- [Material for this task]:
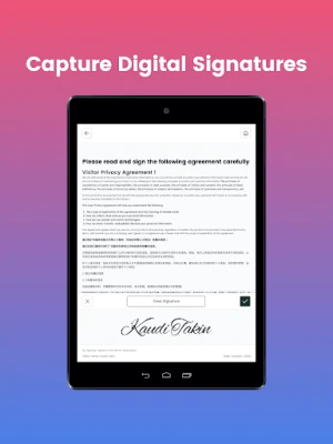 You can change the visitor sign-in flows, customize questionnaire, capture visitor digital signatures, take visitor photos, print ID badges and more.
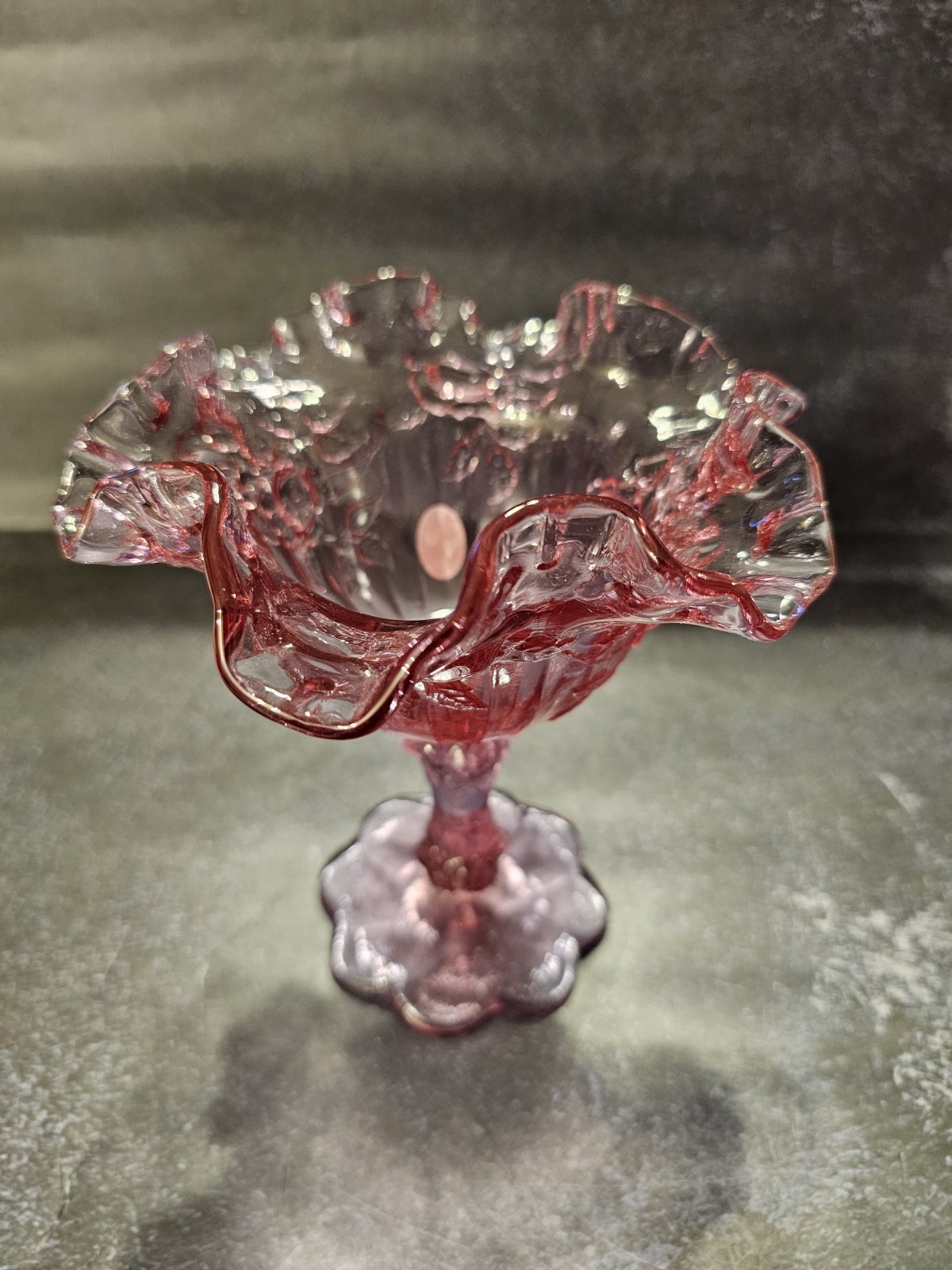 perfect condition! Experience the charm of vintage Fenton art glass with this exquisite rose pink cabbage rose ruffled pedestal compote dish. Elegantly crafted in the 1960s, this piece showcases the classic beauty of fused glass with a glossy finish that enhances its timeless appeal. Perfect as a standalone statement piece or as part of a curated collection, this compote is a testament to the enduring allure of Fenton's artful designs. The dish features a round shape with a single compartment, ideal for housing candies, small treats, or simply as a decorative element to add a touch of elegance to any room. Made in the United States, this original piece bears the distinguished mark of Fenton's craftsmanship, making it a must-have for enthusiasts and collectors alike.
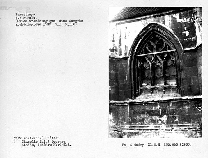 Le château de Caen a été fondé vers 1060 par Guillaume le Conquérant. Le donjon en pierre et la salle de l'Echiquier ont été élevés vers 1120 par Henri Ier Beauclerc, fils de Guillaume le Conquérant. Sous Philippe-Auguste, le donjon a été entouré d'une chemise flanquée de quatre tours circulaires et bordée de fossés. Au 14e siècle a été construit un logis (actuel logis du gouverneur) , remanié aux 16e et 18e siècles. L'église Saint-Georges, du 12e siècle, a été remaniée au 16e siècle (la nef lambrissée a gardé son ossature et ses fenêtres romanes). A partir du 17e siècle, le château a perdu son usage défensif et est devenu un lieu de garnison. Après la Révolution, donjon a été arasé, les fossés comblés et le site affecté à l'armée.
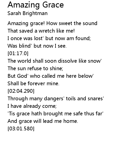 | [00:30.350] | Amazing grace! How sweet the sound |
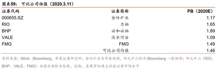 以2020年3月11日收盘价计,金岭矿业PB(2020E)为1.17倍,四大矿山(RIO、BHP、VALE、FMG)PB(2020E)分别为1.65、1.89、1.09、1.49倍,因此可比公司PB(2020E)均值为1.46倍。目前公司PB(LF)为1.27倍,考虑到公司产品规模和成本不及四大矿山,给予公司1.35-1.45倍PB(2020E)估值,取公司BPS(2020E)为10.95元,对应目标价14.79-15.88元。
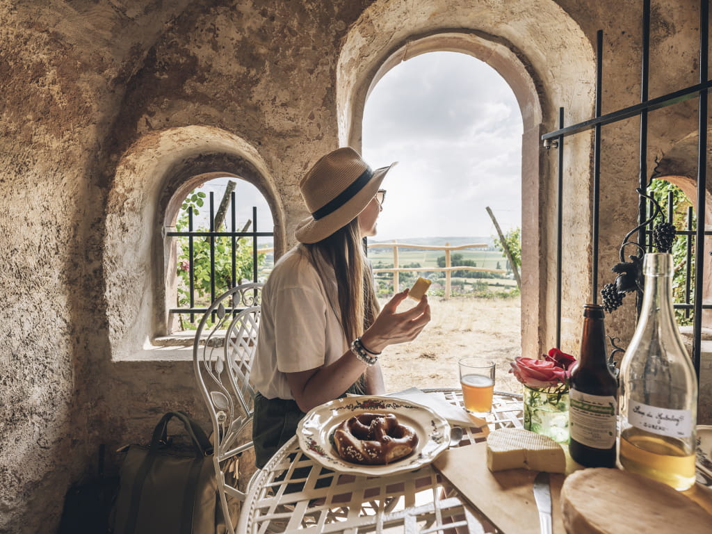 Um unseren ersten Tag auf der Elsässischen Weinstraße abzuschließen, stellen wir unser Gepäck in Marlenheim ab. Um die Beine auszuruhen und den Geist zu lüften, gibt es nichts Besseres als eine gemütliche Unterkunft! Sie richten sich in einem typisch elsässischen Gebäude ein, in dem Gastfreundschaft und die Kunst des guten Lebens gepflegt werden. Nach einer erholsamen Nacht frühstücken wir auf der Terrasse mit den grünen Weinbergen im Hintergrund. Egal, von wo aus man sie bewundert, sie sind immer gleich schön!
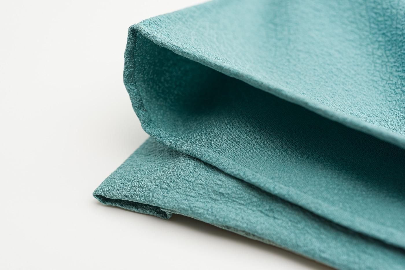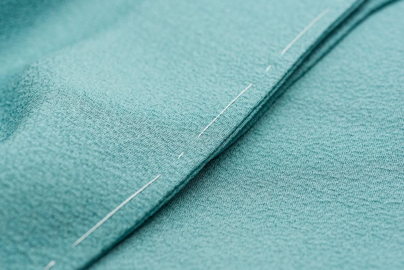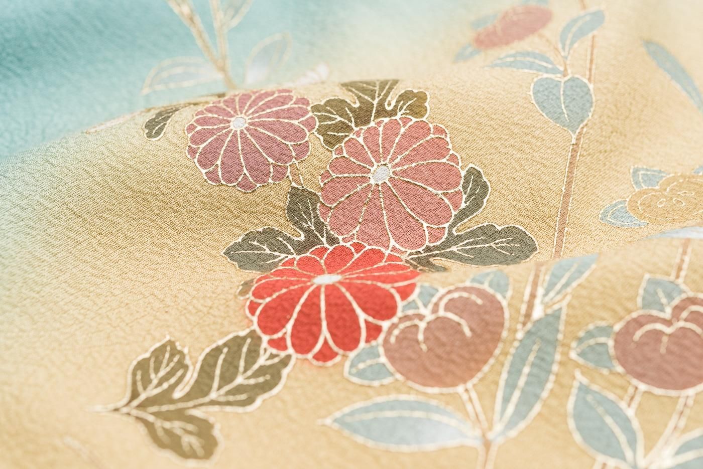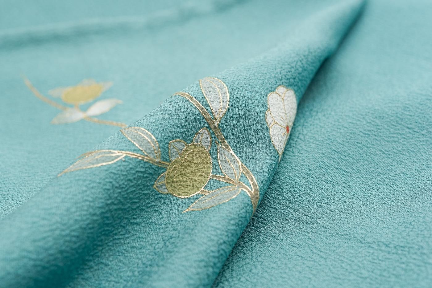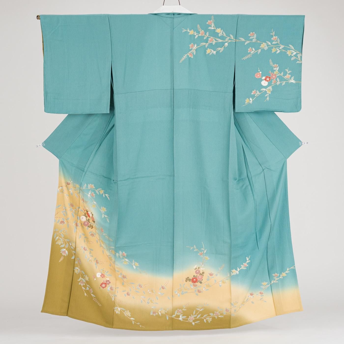 青緑の地に菊と橘を描いた単衣の訪問着です。
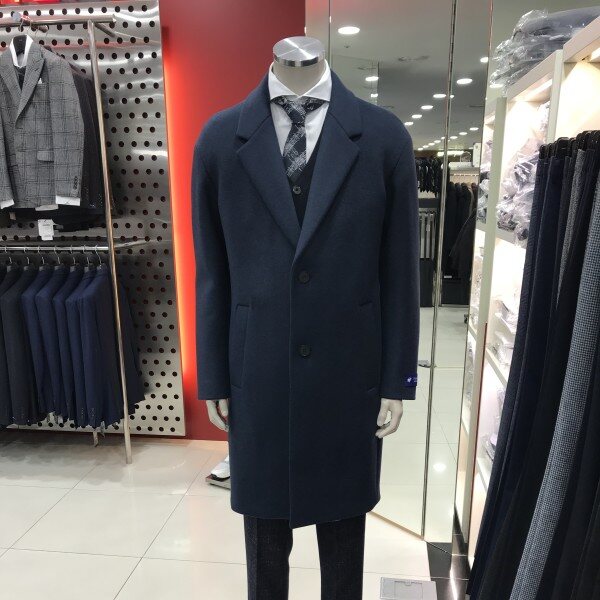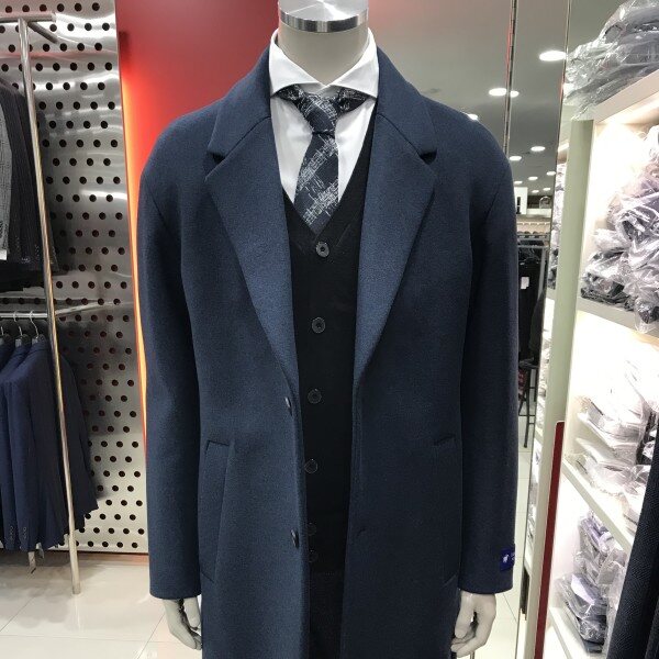고급스런 블루컬러의 드랍소매 디자인의 세미오버핏코트입니다
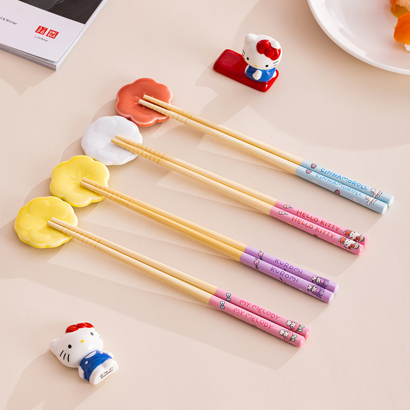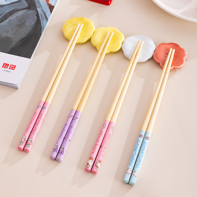 天猫五和深圳专卖店,三丽鸥正版可爱卡通少女心光滑天然竹木防滑家用筷子餐具一人一筷
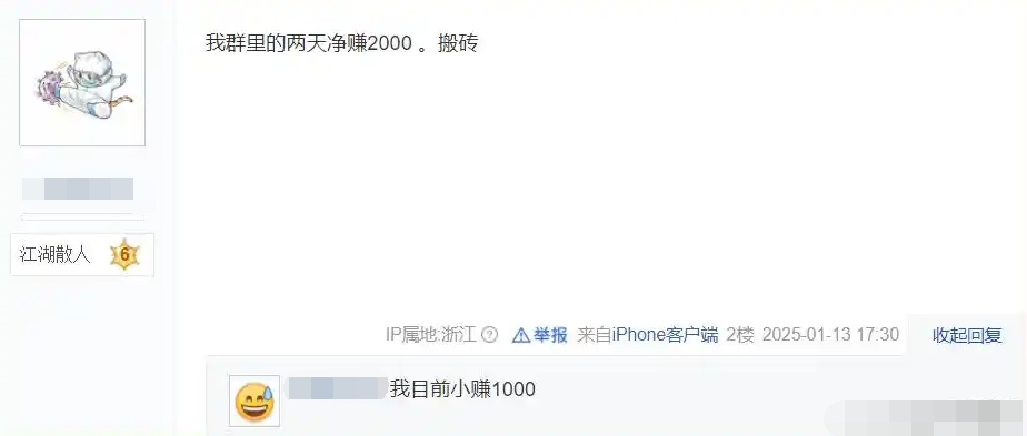 在游戏论坛中,可以看到大量类似小文的搬砖党,每日收益至少都在几十到上百不等。

- [Prompt]:
Retype the listing exactly and drop the pictures.

- [Expected answer]:
 You can change the visitor sign-in flows, customize questionnaire, capture visitor digital signatures, take visitor photos, print ID badges and more.
 perfect condition! Experience the charm of vintage Fenton art glass with this exquisite rose pink cabbage rose ruffled pedestal compote dish. Elegantly crafted in the 1960s, this piece showcases the classic beauty of fused glass with a glossy finish that enhances its timeless appeal. Perfect as a standalone statement piece or as part of a curated collection, this compote is a testament to the enduring allure of Fenton's artful designs. The dish features a round shape with a single compartment, ideal for housing candies, small treats, or simply as a decorative element to add a touch of elegance to any room. Made in the United States, this original piece bears the distinguished mark of Fenton's craftsmanship, making it a must-have for enthusiasts and collectors alike.
 Le château de Caen a été fondé vers 1060 par Guillaume le Conquérant. Le donjon en pierre et la salle de l'Echiquier ont été élevés vers 1120 par Henri Ier Beauclerc, fils de Guillaume le Conquérant. Sous Philippe-Auguste, le donjon a été entouré d'une chemise flanquée de quatre tours circulaires et bordée de fossés. Au 14e siècle a été construit un logis (actuel logis du gouverneur) , remanié aux 16e et 18e siècles. L'église Saint-Georges, du 12e siècle, a été remaniée au 16e siècle (la nef lambrissée a gardé son ossature et ses fenêtres romanes). A partir du 17e siècle, le château a perdu son usage défensif et est devenu un lieu de garnison. Après la Révolution, donjon a été arasé, les fossés comblés et le site affecté à l'armée.
 | [00:30.350] | Amazing grace! How sweet the sound |
 以2020年3月11日收盘价计,金岭矿业PB(2020E)为1.17倍,四大矿山(RIO、BHP、VALE、FMG)PB(2020E)分别为1.65、1.89、1.09、1.49倍,因此可比公司PB(2020E)均值为1.46倍。目前公司PB(LF)为1.27倍,考虑到公司产品规模和成本不及四大矿山,给予公司1.35-1.45倍PB(2020E)估值,取公司BPS(2020E)为10.95元,对应目标价14.79-15.88元。
 Um unseren ersten Tag auf der Elsässischen Weinstraße abzuschließen, stellen wir unser Gepäck in Marlenheim ab. Um die Beine auszuruhen und den Geist zu lüften, gibt es nichts Besseres als eine gemütliche Unterkunft! Sie richten sich in einem typisch elsässischen Gebäude ein, in dem Gastfreundschaft und die Kunst des guten Lebens gepflegt werden. Nach einer erholsamen Nacht frühstücken wir auf der Terrasse mit den grünen Weinbergen im Hintergrund. Egal, von wo aus man sie bewundert, sie sind immer gleich schön!
 青緑の地に菊と橘を描いた単衣の訪問着です。
고급스런 블루컬러의 드랍소매 디자인의 세미오버핏코트입니다
 天猫五和深圳专卖店,三丽鸥正版可爱卡通少女心光滑天然竹木防滑家用筷子餐具一人一筷
 在游戏论坛中,可以看到大量类似小文的搬砖党,每日收益至少都在几十到上百不等。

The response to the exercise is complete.